Input for this task section start
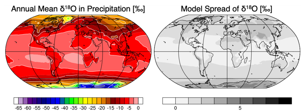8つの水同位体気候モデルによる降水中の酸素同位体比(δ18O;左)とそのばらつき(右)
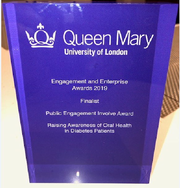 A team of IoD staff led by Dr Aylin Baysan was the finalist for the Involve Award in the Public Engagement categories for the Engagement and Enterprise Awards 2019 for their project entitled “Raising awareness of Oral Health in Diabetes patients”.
Input for this task section end
Input for this task section start
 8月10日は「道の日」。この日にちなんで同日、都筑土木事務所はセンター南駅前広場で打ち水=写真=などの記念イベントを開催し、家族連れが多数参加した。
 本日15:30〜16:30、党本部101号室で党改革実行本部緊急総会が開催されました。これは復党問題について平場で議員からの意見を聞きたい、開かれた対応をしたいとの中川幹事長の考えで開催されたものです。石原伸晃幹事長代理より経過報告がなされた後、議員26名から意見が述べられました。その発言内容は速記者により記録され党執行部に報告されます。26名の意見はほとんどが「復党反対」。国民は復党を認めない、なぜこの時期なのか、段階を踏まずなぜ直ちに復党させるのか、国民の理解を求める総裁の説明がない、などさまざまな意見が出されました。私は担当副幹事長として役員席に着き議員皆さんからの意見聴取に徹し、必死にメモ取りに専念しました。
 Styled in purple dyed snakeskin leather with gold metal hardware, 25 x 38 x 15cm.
Input for this task section end
Input for this task section start
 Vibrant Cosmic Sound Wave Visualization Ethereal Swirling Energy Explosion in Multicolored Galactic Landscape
Input for this task section end
Prompt: Above are records; write out the lines from the one with "8つの水同位体気候モデルによ" down to the one with "A team of IoD", exactly, leaving the pictures out.

Solution for this exercise:
8つの水同位体気候モデルによる降水中の酸素同位体比(δ18O;左)とそのばらつき(右)
 A team of IoD staff led by Dr Aylin Baysan was the finalist for the Involve Award in the Public Engagement categories for the Engagement and Enterprise Awards 2019 for their project entitled “Raising awareness of Oral Health in Diabetes patients”.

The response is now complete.